◆ Extracted material:
▶

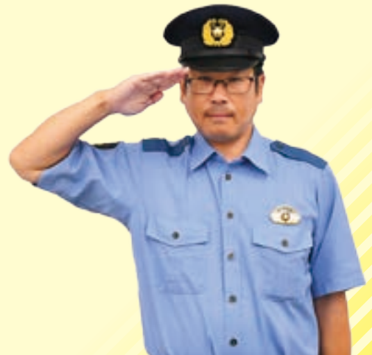
朝霞警察署生活安全課

新たに自動通話録音機能付き電話機を購入する場合は、社会福祉協議会が行っている詐欺被害防止電話機等購入費補助金を利用しましょう。
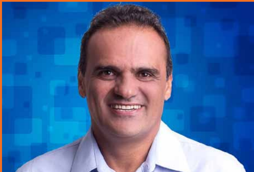
Tercio iniciou sua trajetória na Rede La Salle nos anos 90

Tercio – Exatamente a forma como ele transformou a maneira de ensinar, priorizando os valores humanos e cristãos do indivíduo. O profissional, quando capacitado, tem as ferramentas para transformar a vida de outras pessoas, e La Salle fazia isso muito bem.
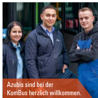
Azubis sind bei der KomBus herzlich willkommen.

Die KomBus benötigt in den kommenden Jahren gut ausgebildete und qualifizierte Fachkräfte. Der Weg dahin führt über eine Berufsausbildung für Schulabgänger und eine Qualifikation für Quereinsteiger, zum Beispiel LKW-Fahrer.
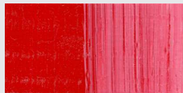
874 Kadmiumrot dunkel *** Cadmium Red deep Rouge de cadm. foncé
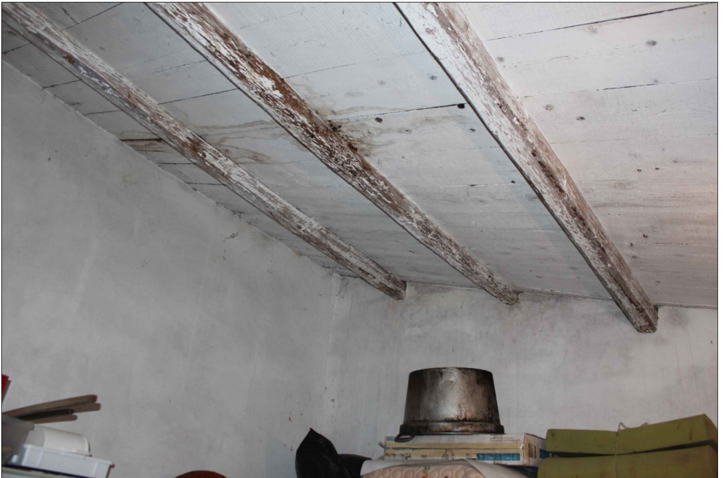
12) Fabbricato rurale (non censito in catasto) Foglio 160 Particella 37
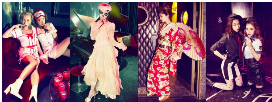
↑ 左から 赤ちゃんナース/死んだ花嫁/花魁/ハンサムなポリス

ここ数年、急激にハロウィンの時期にコスプレ（仮装）を楽しむ人たちが増え、量販店やバラエティショップは専用の衣装やグッズが並び、テーマパークや六本木などの繁華街やクラブは、大盛り上がりしています。そうしたことを背景に、本書を企画。
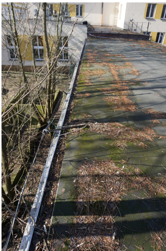
STAN TECHNICZNY RYNIEN I INSTALACJI ODGROMOWEJ
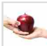
Monza: al Cam si parla di "Alimentazione del ...
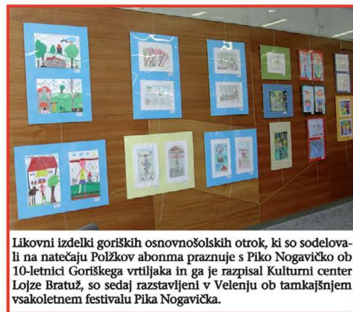
Likovni izdelki goriških osnovnošolskih otrok, ki so sodelovali na natečaju Polžkov abonma praznuje s Piko Nogavičko ob 10-letnici Goriškega vrtljaka in ga je razpisal Kulturni center Lojze Bratuž, so sedaj razstavljeni v Velenju ob tamkajšnjem vsakoletnem festivalu Pika Nogavička.

◀

◆ What to produce:
Reproduce exactly, with no pictures, the lines above from the one holding "Tercio iniciou sua" to the one holding "Azubis sind bei", inclusive.

◆ Solution to the exercise:
Tercio iniciou sua trajetória na Rede La Salle nos anos 90

Tercio – Exatamente a forma como ele transformou a maneira de ensinar, priorizando os valores humanos e cristãos do indivíduo. O profissional, quando capacitado, tem as ferramentas para transformar a vida de outras pessoas, e La Salle fazia isso muito bem.
Azubis sind bei der KomBus herzlich willkommen.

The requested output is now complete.